Figura 2: Analisi di costrutti ATG9A marcati in fluorescenza mediante localizzazione e glicosilazione. (A) L'ATG9A marcato con eGFP N-terminale è meno localizzato al Golgi e risiede principalmente nelle vescicole. L'ATG9A marcato terminalmente con eGFP C mostra aggregati all'interno della cella (alcuni esempi sono contrassegnati da punte di freccia bianche; eGFP-ATG9A e ATG9A-eGFP sono in verde). L'ATG9A marcato con mRFP N-terminale è meno localizzato al Golgi e risiede principalmente nelle vescicole. N indica la posizione approssimativa del nucleo cellulare e l'mRFP-ATG9A è in rosso. Barra della scala = 5 μm. (B) L'ATG9A endogeno appare come due bande quando analizzato mediante western blot (punte di freccia): una banda superiore (glicani N-legati complessi) e una banda inferiore (nessun glicani N-legato maturo). Il trattamento con cicloesameide (CHX) non influisce sul rapporto tra la banda superiore e quella inferiore. Il trattamento con PNGasi F provoca la scomparsa della banda superiore. (C) Dopo la trasfezione transitoria di ATG9A marcato con mRFP in cellule HEK293A, due bande prominenti sono visibili sul western blot (punte di freccia). Il trattamento con PNGasi F provoca la scomparsa della banda superiore. Il trattamento con CHX dopo la trasfezione porta ad un aumento della glicosilazione poiché il pool di ATG9A trasfettato viene trasferito dal reticolo endoplasmatico al Golgi.
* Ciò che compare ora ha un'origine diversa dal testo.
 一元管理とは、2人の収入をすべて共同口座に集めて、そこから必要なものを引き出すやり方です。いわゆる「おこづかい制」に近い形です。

Fare clic qui per visualizzare una versione più grande di questa figura.

Figura 3: Analisi della localizzazione di mCherry-3xFLAG-ATG9A mediante immunofluorescenza e live imaging. (A) Esperimenti di immunofluorescenza di cellule HEK293A transientemente sovraesprimenti mCherry-3xFLAG-ATG9A e colorate con il marcatore di Golgi GM130. Barra della scala = 10 μm. Il mCherry-3xFLAG-ATG9A è in rosso e l'indicatore GM130 Golgi è in verde. (B) Montaggio da esperimenti di imaging dal vivo in cellule HEK293A che sovraesprimono transitoriamente mCherry-3xFLAG-ATG9A. N indica la posizione approssimativa del nucleo. Intervallo di tempo = 1 fps. Barra della scala = 10 μm. Il mCherry-3xFLAG-ATG9A è in rosso. Fare clic qui per visualizzare una versione più grande di questa figura.

S.A.T. fa parte del comitato consultivo scientifico di Casma Therapeutics.